Announcement

Collapse
No announcement yet.
X
  • Filter
  • Time
  • Show
Clear All
new posts

  • Converting NHANES drug level data to personal level data

    Hello,
    (First-time poster to the forum. I have reviewed the guidelines in "Advice on Posting" https://www.statalist.org/forums/help#stata but my sincere apologies if I have not gotten something right!)
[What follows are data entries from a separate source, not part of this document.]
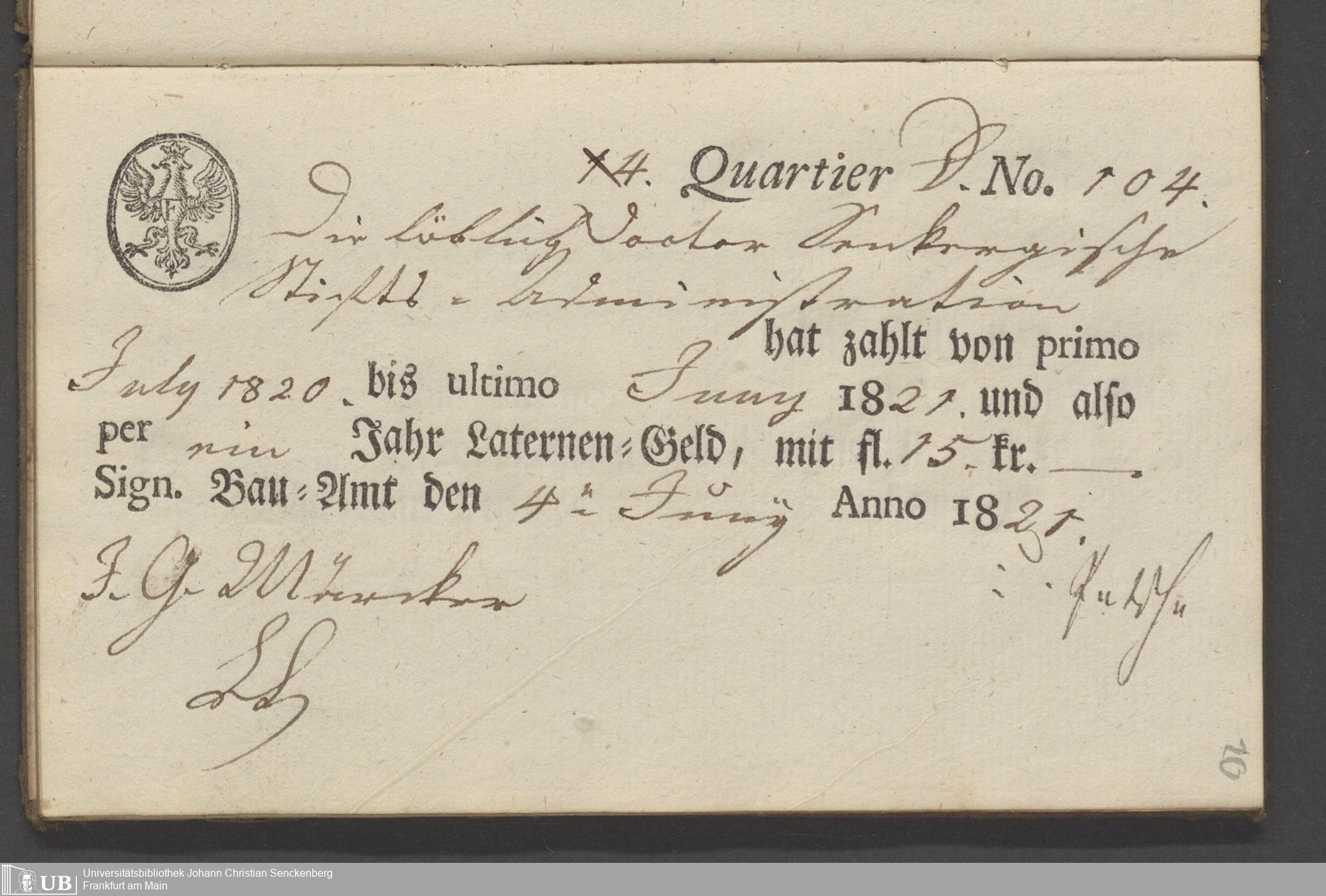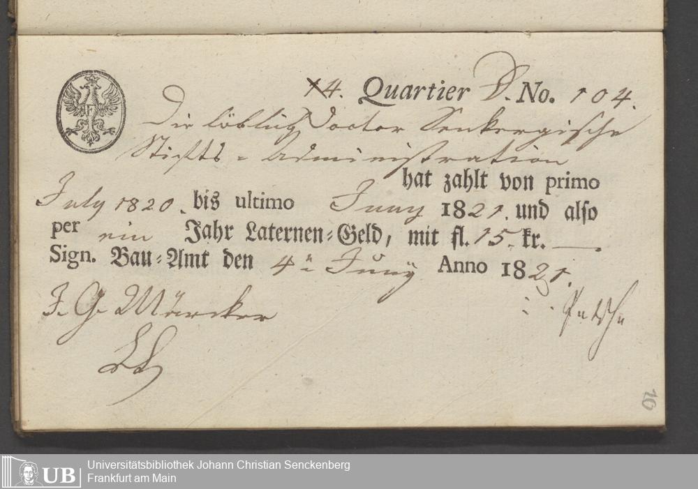 B 5 Dr. Senckenbergische Stiftung, 70 - Quittungsbuch der Senckenbergischen Administration über Laternengeld
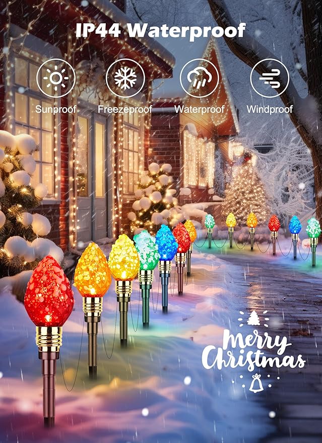 - New Strawberry C9 Christmas Lights Outdoor 2 Pack: Each pack 17.4 feet C9 Christmas stake lights with 10 multicolored strawberry C9 bulbs. 21 inches light spacing, 6.7 inches pathway markers, plug in and enjoy it. This outdoor christmas lights for the sidewalk will be great for your pathway, garden, courtyard, holiday decor
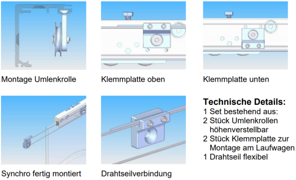 Die beiden Klemmplatten können auf dem Standardlaufwagen montiert werden. Das mitgelieferte Drahtseil wird dabei einmal unten und einmal oben in den Klemmbacken verklemmt und zuvor um die Umlenkrollen geführt.
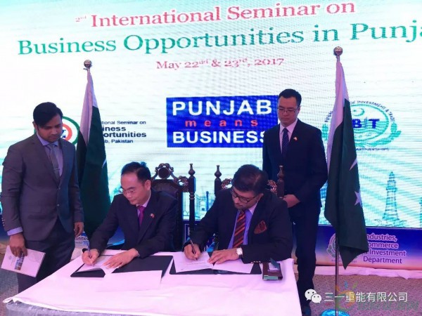 5月23日,在巴基斯坦第二屆國際商機研討會上,三一集團與巴基斯坦旁遮普省電力開發(fā)委員會正式簽署了《PPDB備忘錄》,雙方就新能源領(lǐng)域展開合作達成共識。旁遮普省首席部長謝里夫、三一集團董事易小剛出席了簽約儀式。
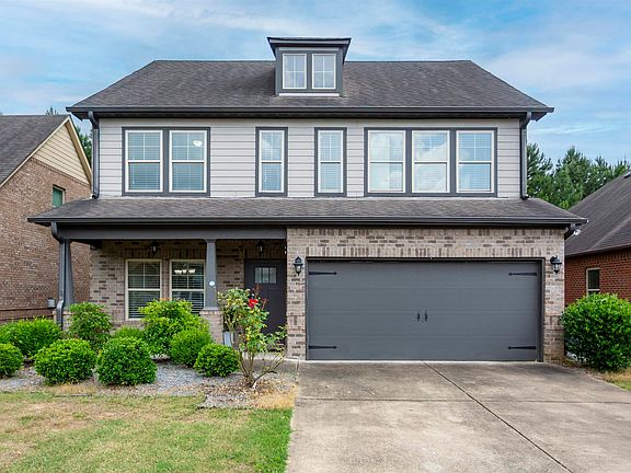 Move in ready! Fresh new paint throughout the whole house. Wood and LVP floor throughout the house. NO carpet.This great two story plan offers 3 (with an optional 4) bedrooms and 2.5 baths, plus a very open kitchen and living area. The master suite includes a large walk-in closet, raised double vanity, separate shower and garden tub. Large family room has a beautiful fireplace with gas logs and opens onto a lovely covered porch. Standard features include: 3 side brick, tray ceiling in master bedroom, crown molding in master bedroom, stainless appliances include dishwasher, micro hood, smooth top stove, beautiful cabinets with crown, fireplace with full mantel and granite surround, 9 foot ceilings, shelving in all closets, landscaped yards. Community is convenient to interstate, restaurants, and shopping. Great school zone! House is active on June 12th for showing!
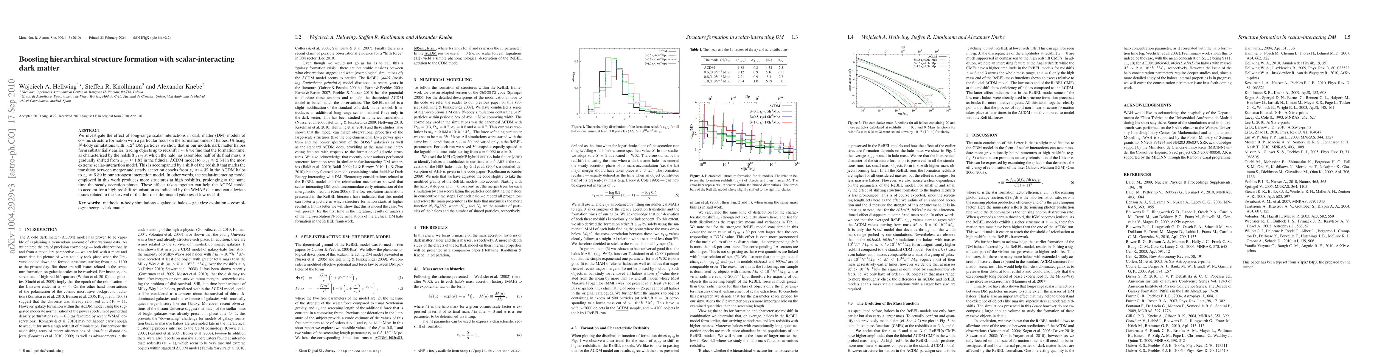 Researchers found that adding long-range scalar interactions to dark matter models can create more structures at high redshifts, potentially helping explain the WMAP data's indications of high-redshift reionisation.
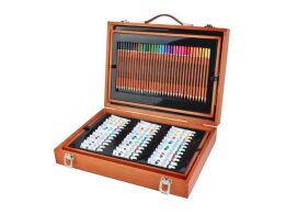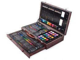 Σετ Ζωγραφικής 128 τεμαχίων σε ξύλινη βαλίτσα μεταφοράς, 38x8x23.5 cm

    I am a student working with a NHANES derived dataset on prescription drug use. Its drug level data needs to be converted to personal level data (i.e. a record for each person) before merging it with NHANES demographic data files by the unique identifier for each individual (variable called seqn).
    "Analysts should convert a drug level data to a personal level data, that is, a record for each person, before merging it with NHANES demographic and other data files by using SEQN.”
    Source: https://wwwn.cdc.gov/nchs/nhanes/2009-2010/RXQ_RX_F.htm

    This is because each individual may take more than one medication. If that occurs, each medication is listed on its own line with the seqn. Within my particular dataset, the number of drugs an individual is on ranges from 0 to 20.

    This is an example of how the dataset is currently organized (using medication examples for two individuals, real dataset has 20k)
    seqn rxduse rxddrgid rxdcount
    73557 1 d00262 2
    73557 1 d04113 2
    73557 1 d00262 4
    73558 1 d04538 4
    73558 1 d00746 4
    73558 1 d03182 4

    rxduse refers to whether someone is using a prescription medication or not, rxddrgid is a string variable referring to the the specific type of medication (each entry corresponds to a medication in a codebook), and rxdcount is the total number of medications the individual is on.

    I would like to have it this way
    seqn rxduse rxdcount rxddrgid_1 rxddrgid_2 rxddrgid_3 rxddrgid_4
    73557 1 2 d00262 d04113 . .
    73558 1 4 d00262 d04538 d00746 d03182


    I have reviewed posts in the forum, looked at the help system, and visited various sites such as
    https://stats.idre.ucla.edu/stata/se...ta-management/
    https://cph.osu.edu/sites/default/fi...DataMartin.pdf

    Based on reading, I thought this would be an option
    gen num =_n, over (seqn)
    reshape wide rxddrgid, i(seqn) j(num)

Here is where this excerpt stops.